Skip to Main Content

Python for Basic Data Analysis

Start your data science journey with Python. Learn practical Python programming skills for basic data manipulation and analysis.

Data Classification and Summary

Classifying your data for more refined and accurate understanding of the data is an important faucet of data analysis, hence, we can utilize Pandas to carry out such operations by organizing and summarizing our data.

Groupby Function

One way we can classify our data is using the group by function:

df.groupby(by=grouping_columns)[columns_to_show].function()

Pivot_table Function

For summarizing data, we can employ similar methods to that of the excel function, pivot tables, to avoid showing large chunks of data

df.pivot_table([rows_to_be_displayed'],
               [columns_to_be_displayed], aggfunc=function)

 

Video Guides

Activity Data: Classification

Given the newly learnt functions can you perform these actions back to our retail dataset?

1. Using the groupby and describe function can we obtain statistical information of the retail dataset by net_sales and date

2. Can we create a pivot table showing the average net sales and net quantity for failed and successful orders by specific dates?
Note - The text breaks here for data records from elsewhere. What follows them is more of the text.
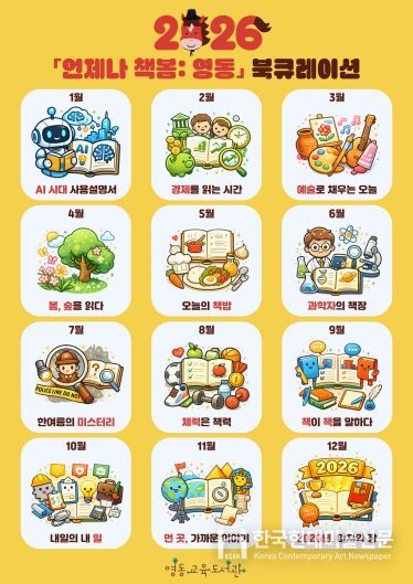 한국현대미술신문 신정은 기자 | 영동교육도서관은 2026년 1월부터 12월까지 '언제나 책봄: 영동' 북큐레이션을 운영한다. 매월 주제에 맞는 대상별 추천도서 32권을 전시하여 도서관 이용자에게 다양한 독서 경험을 제공하기 위함이다.
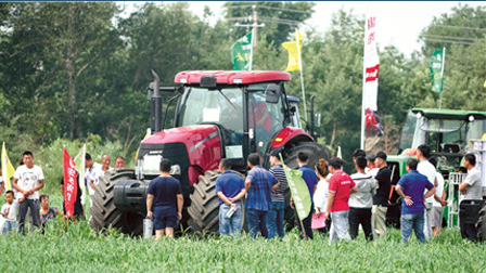 作為農(nóng)機(jī)行業(yè)知名品牌,凱斯為本次田間日準(zhǔn)備了專為國內(nèi)用戶設(shè)計、在玉米和小麥?zhǔn)斋@均有較好表現(xiàn)的軸流滾筒聯(lián)合收割機(jī)及用戶聯(lián)合整地和耕整地作業(yè)的大馬力拖拉機(jī),為當(dāng)?shù)赜脩魩韯恿C(jī)械及收獲機(jī)械選擇。據(jù)介紹,該公司軸流滾筒聯(lián)合收割機(jī)突破了傳統(tǒng)收割機(jī)只能收獲單一作物的局限,通過更換不同的部件,配置相應(yīng)的割臺,可以收割玉米、小麥、水稻、大豆、油菜等多種作物。而拖拉機(jī)能實(shí)現(xiàn)不同作業(yè)條件下自動調(diào)節(jié)檔位,既適用于深松、犁地、聯(lián)合整地等重負(fù)荷作業(yè),又可進(jìn)行播種、中耕、噴藥等輕負(fù)荷作業(yè)。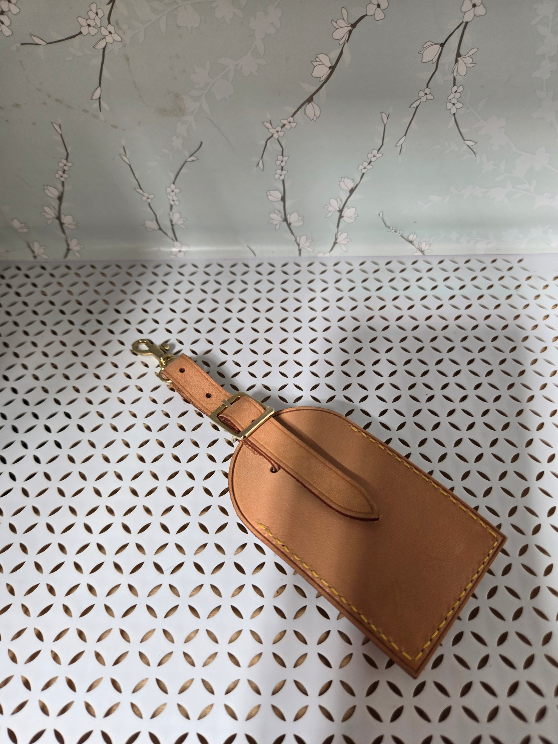 The luggage tag is original with an upcycled hand riveted bow attached with a hook for easy to use bag charm. Perfect touch to any bag.
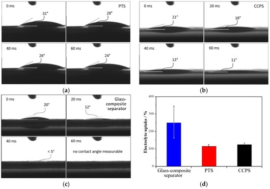 Photographs of the contact angle measured with 10 µL DMC (a) polymer trilayer separator (PTS); (b) ceramic-coated polymer separator (CCPS); (c) glass composite separator; (d) electrolyte uptake of glass composite separator compared to PTS and CCPS.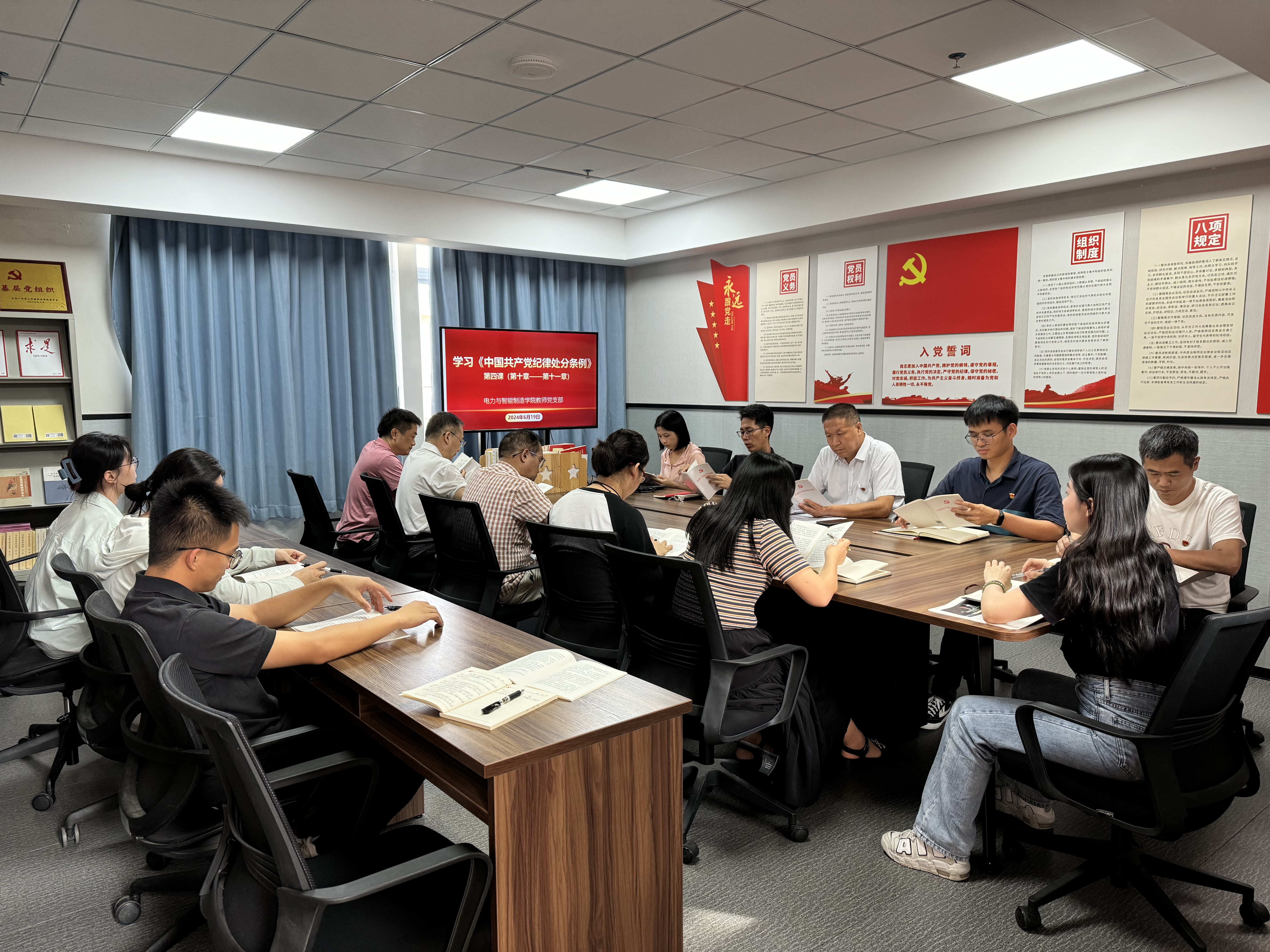 按照電力與智能制造學(xué)院黨總支《黨紀(jì)學(xué)習(xí)教育學(xué)習(xí)計劃》的安排部署,6月19日下午在西一樓514B黨員活動室,學(xué)院教師黨支部組織學(xué)習(xí)《中國共產(chǎn)黨紀(jì)律處分條例》第四節(jié)課,教師黨支部全體黨員參加了會議,會議由教師黨支部書記孫令真主持。

Answers for Activity: Classification

import numpy as np
import pandas as pd
df=pd.read_csv("Retail dataset.csv")
#
#1. Using the groupby and describe function can we obtain statistical information of the retail dataset by net_sales and date
print(df.groupby(['date'])['net_sales'].describe())
#2. Can we create a pivot table showing the average net sales and net quantity for failed and successful orders by specific dates?
df.pivot_table(['net_sales', 'net_quantity'],
               ['date', 'order_fufilled'], aggfunc='mean')